Each line in the material below, starting at the one with "Einen völlig anderen" and ending at the one with "Eggs on eggs", is to be reproduced exactly; no picture is to be copied.

■ **RECORDS PROVIDED**
* * * * *

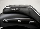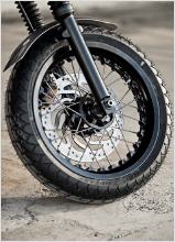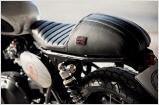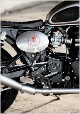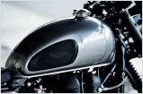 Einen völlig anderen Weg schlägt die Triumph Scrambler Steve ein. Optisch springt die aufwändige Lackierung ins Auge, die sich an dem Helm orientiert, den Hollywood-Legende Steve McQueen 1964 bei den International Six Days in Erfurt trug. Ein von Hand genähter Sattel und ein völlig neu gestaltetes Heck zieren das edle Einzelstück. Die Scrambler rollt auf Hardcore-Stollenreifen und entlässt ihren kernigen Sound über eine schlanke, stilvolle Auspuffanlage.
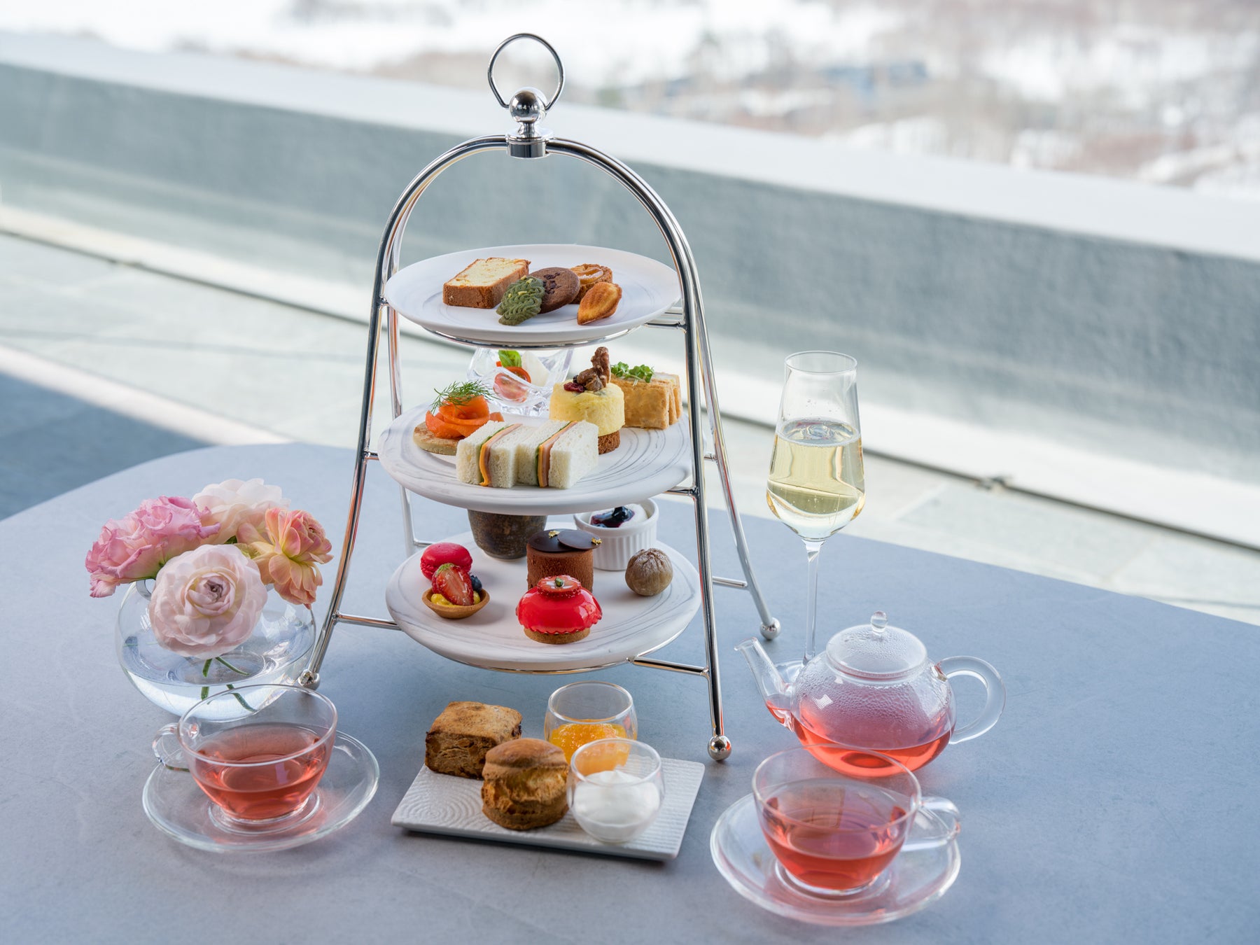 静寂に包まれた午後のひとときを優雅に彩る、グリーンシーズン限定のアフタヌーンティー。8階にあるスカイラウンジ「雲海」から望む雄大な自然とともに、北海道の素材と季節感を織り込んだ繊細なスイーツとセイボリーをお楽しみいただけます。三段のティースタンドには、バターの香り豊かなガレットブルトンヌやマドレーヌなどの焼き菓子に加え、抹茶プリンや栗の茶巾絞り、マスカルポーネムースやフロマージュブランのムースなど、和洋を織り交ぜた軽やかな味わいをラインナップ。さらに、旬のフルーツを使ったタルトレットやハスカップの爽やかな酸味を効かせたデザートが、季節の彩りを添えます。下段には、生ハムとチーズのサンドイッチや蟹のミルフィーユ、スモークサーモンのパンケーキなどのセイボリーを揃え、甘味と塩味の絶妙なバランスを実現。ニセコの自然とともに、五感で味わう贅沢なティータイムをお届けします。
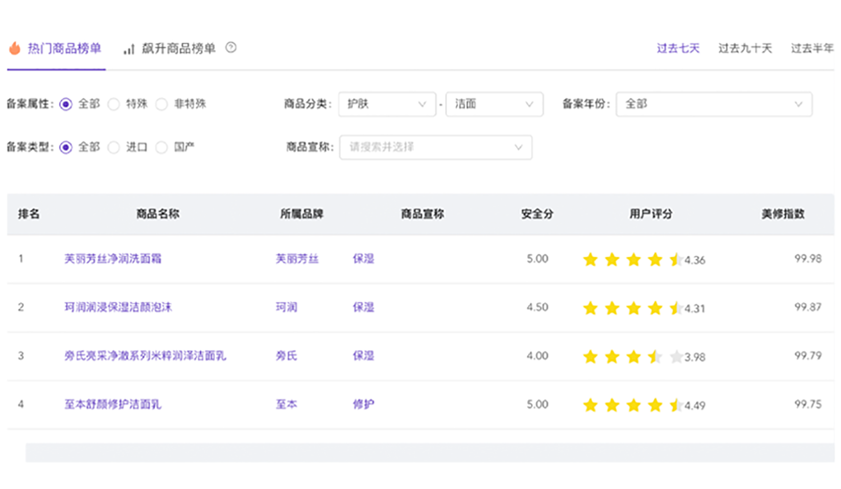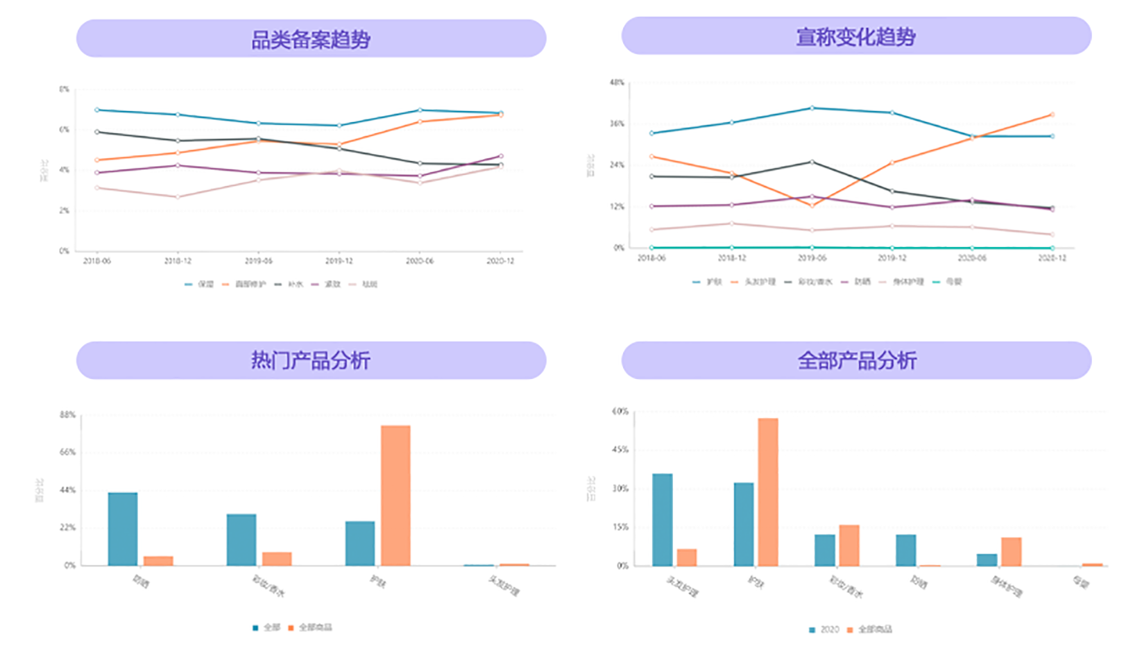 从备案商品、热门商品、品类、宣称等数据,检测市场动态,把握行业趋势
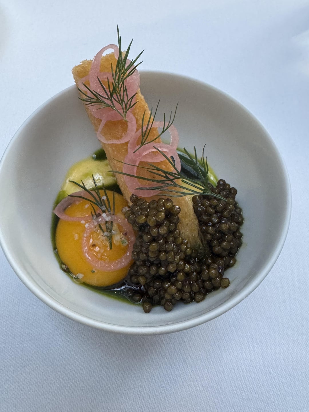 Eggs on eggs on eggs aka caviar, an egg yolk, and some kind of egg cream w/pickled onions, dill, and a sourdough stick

* * * * *

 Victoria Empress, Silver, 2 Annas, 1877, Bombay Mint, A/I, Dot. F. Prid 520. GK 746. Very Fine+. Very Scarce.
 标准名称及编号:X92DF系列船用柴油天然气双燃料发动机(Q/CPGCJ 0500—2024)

* * * * *

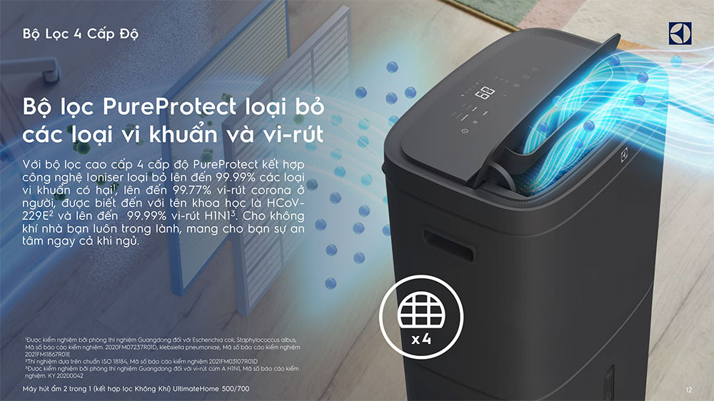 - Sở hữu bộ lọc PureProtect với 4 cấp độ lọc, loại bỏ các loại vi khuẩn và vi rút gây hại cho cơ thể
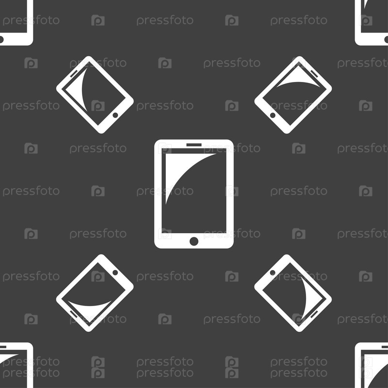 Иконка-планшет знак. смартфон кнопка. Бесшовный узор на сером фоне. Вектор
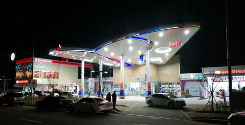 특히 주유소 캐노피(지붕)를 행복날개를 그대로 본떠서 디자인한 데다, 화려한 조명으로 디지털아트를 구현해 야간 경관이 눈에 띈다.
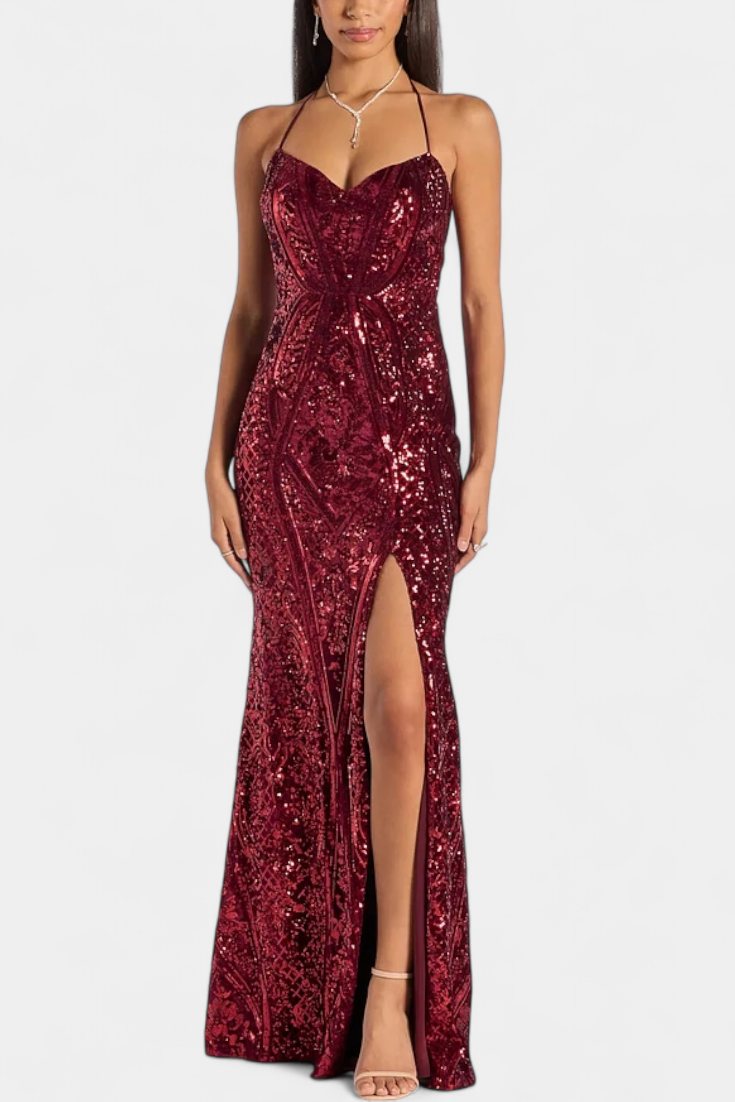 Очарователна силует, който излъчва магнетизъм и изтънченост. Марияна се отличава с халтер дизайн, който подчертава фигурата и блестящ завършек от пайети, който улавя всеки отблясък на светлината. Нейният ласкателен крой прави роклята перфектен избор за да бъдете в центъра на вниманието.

* * * * *

■ **ANSWER TO THIS EXERCISE**
 Einen völlig anderen Weg schlägt die Triumph Scrambler Steve ein. Optisch springt die aufwändige Lackierung ins Auge, die sich an dem Helm orientiert, den Hollywood-Legende Steve McQueen 1964 bei den International Six Days in Erfurt trug. Ein von Hand genähter Sattel und ein völlig neu gestaltetes Heck zieren das edle Einzelstück. Die Scrambler rollt auf Hardcore-Stollenreifen und entlässt ihren kernigen Sound über eine schlanke, stilvolle Auspuffanlage.
 静寂に包まれた午後のひとときを優雅に彩る、グリーンシーズン限定のアフタヌーンティー。8階にあるスカイラウンジ「雲海」から望む雄大な自然とともに、北海道の素材と季節感を織り込んだ繊細なスイーツとセイボリーをお楽しみいただけます。三段のティースタンドには、バターの香り豊かなガレットブルトンヌやマドレーヌなどの焼き菓子に加え、抹茶プリンや栗の茶巾絞り、マスカルポーネムースやフロマージュブランのムースなど、和洋を織り交ぜた軽やかな味わいをラインナップ。さらに、旬のフルーツを使ったタルトレットやハスカップの爽やかな酸味を効かせたデザートが、季節の彩りを添えます。下段には、生ハムとチーズのサンドイッチや蟹のミルフィーユ、スモークサーモンのパンケーキなどのセイボリーを揃え、甘味と塩味の絶妙なバランスを実現。ニセコの自然とともに、五感で味わう贅沢なティータイムをお届けします。
 从备案商品、热门商品、品类、宣称等数据,检测市场动态,把握行业趋势
 Eggs on eggs on eggs aka caviar, an egg yolk, and some kind of egg cream w/pickled onions, dill, and a sourdough stick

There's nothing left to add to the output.